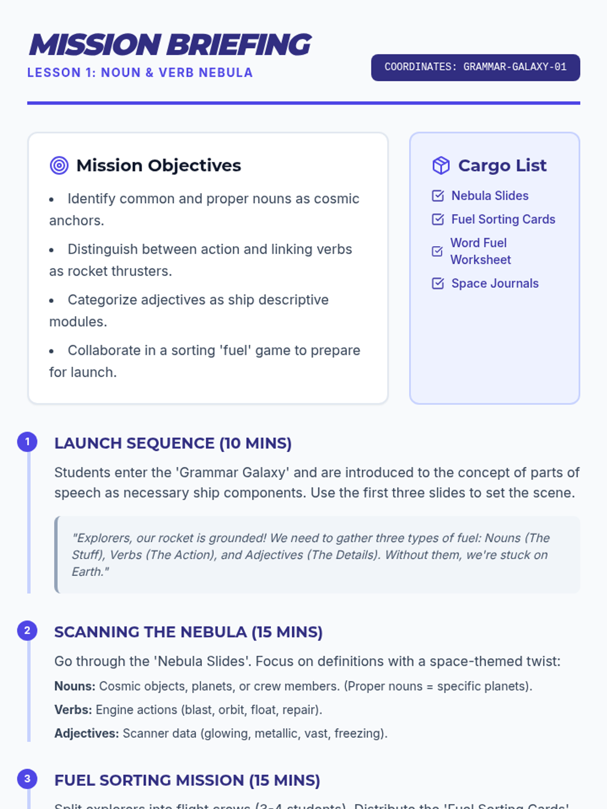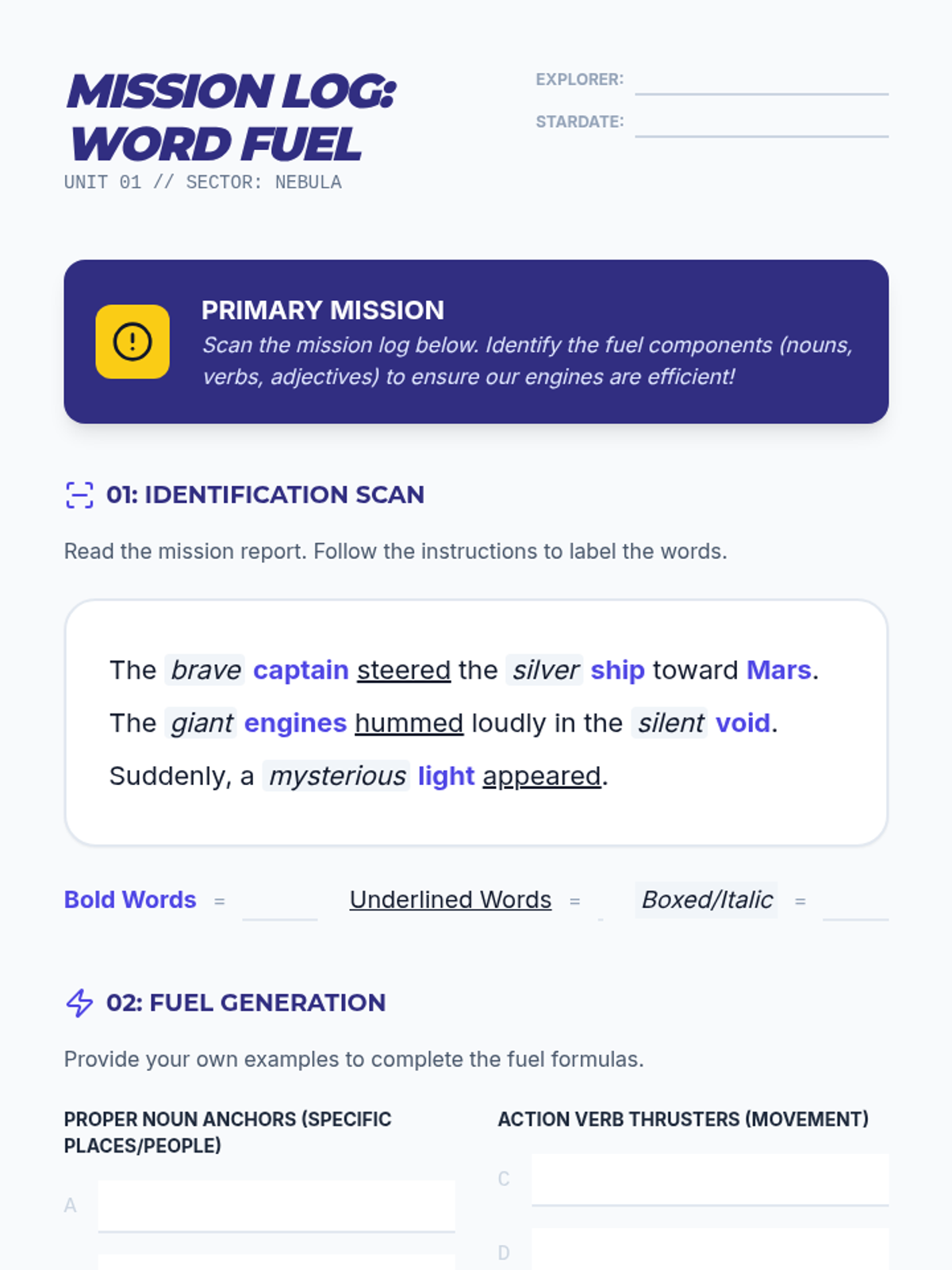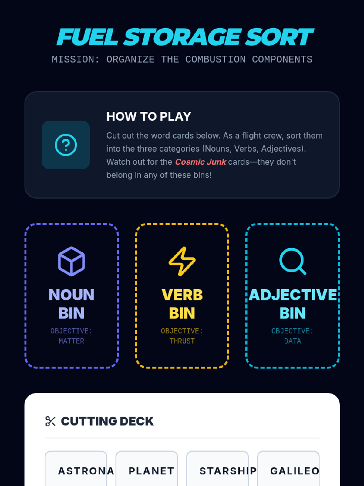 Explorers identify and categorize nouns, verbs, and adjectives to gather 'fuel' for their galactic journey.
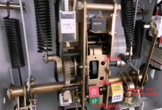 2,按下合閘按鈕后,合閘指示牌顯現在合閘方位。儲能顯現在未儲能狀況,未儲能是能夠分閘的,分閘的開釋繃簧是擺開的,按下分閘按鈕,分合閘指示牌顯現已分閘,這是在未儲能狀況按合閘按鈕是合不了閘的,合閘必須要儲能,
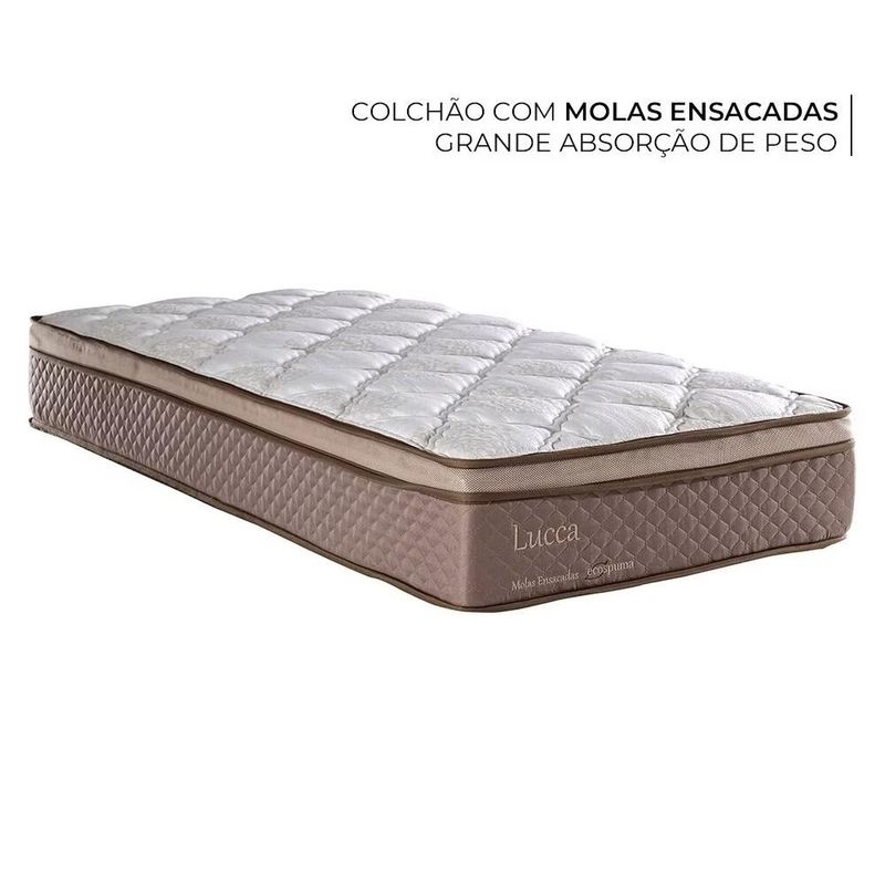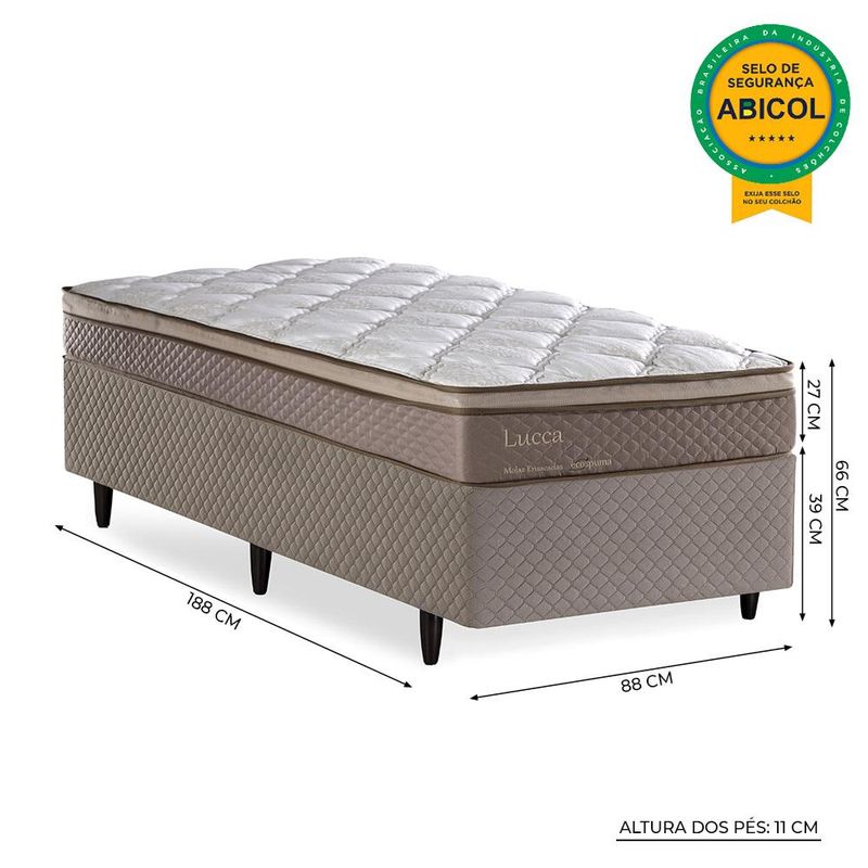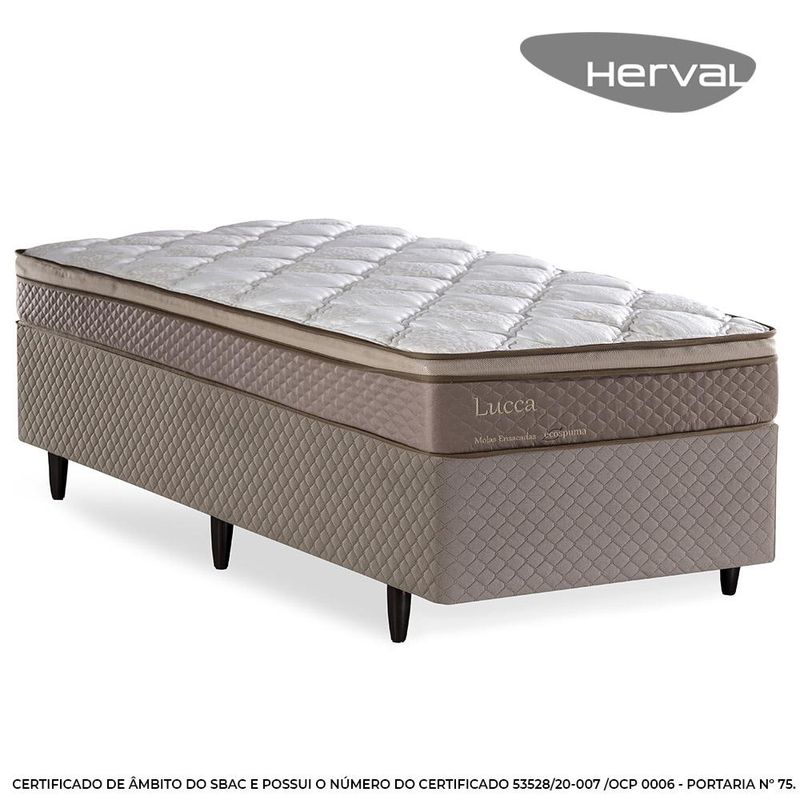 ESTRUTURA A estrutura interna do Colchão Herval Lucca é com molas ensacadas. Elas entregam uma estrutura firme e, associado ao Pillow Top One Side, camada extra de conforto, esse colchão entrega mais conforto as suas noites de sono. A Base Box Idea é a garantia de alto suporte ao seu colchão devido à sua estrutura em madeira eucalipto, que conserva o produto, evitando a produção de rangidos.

__________

Repeat the data word for word, excluding any image.

 Explorers identify and categorize nouns, verbs, and adjectives to gather 'fuel' for their galactic journey.
 2,按下合閘按鈕后,合閘指示牌顯現在合閘方位。儲能顯現在未儲能狀況,未儲能是能夠分閘的,分閘的開釋繃簧是擺開的,按下分閘按鈕,分合閘指示牌顯現已分閘,這是在未儲能狀況按合閘按鈕是合不了閘的,合閘必須要儲能,
 ESTRUTURA A estrutura interna do Colchão Herval Lucca é com molas ensacadas. Elas entregam uma estrutura firme e, associado ao Pillow Top One Side, camada extra de conforto, esse colchão entrega mais conforto as suas noites de sono. A Base Box Idea é a garantia de alto suporte ao seu colchão devido à sua estrutura em madeira eucalipto, que conserva o produto, evitando a produção de rangidos.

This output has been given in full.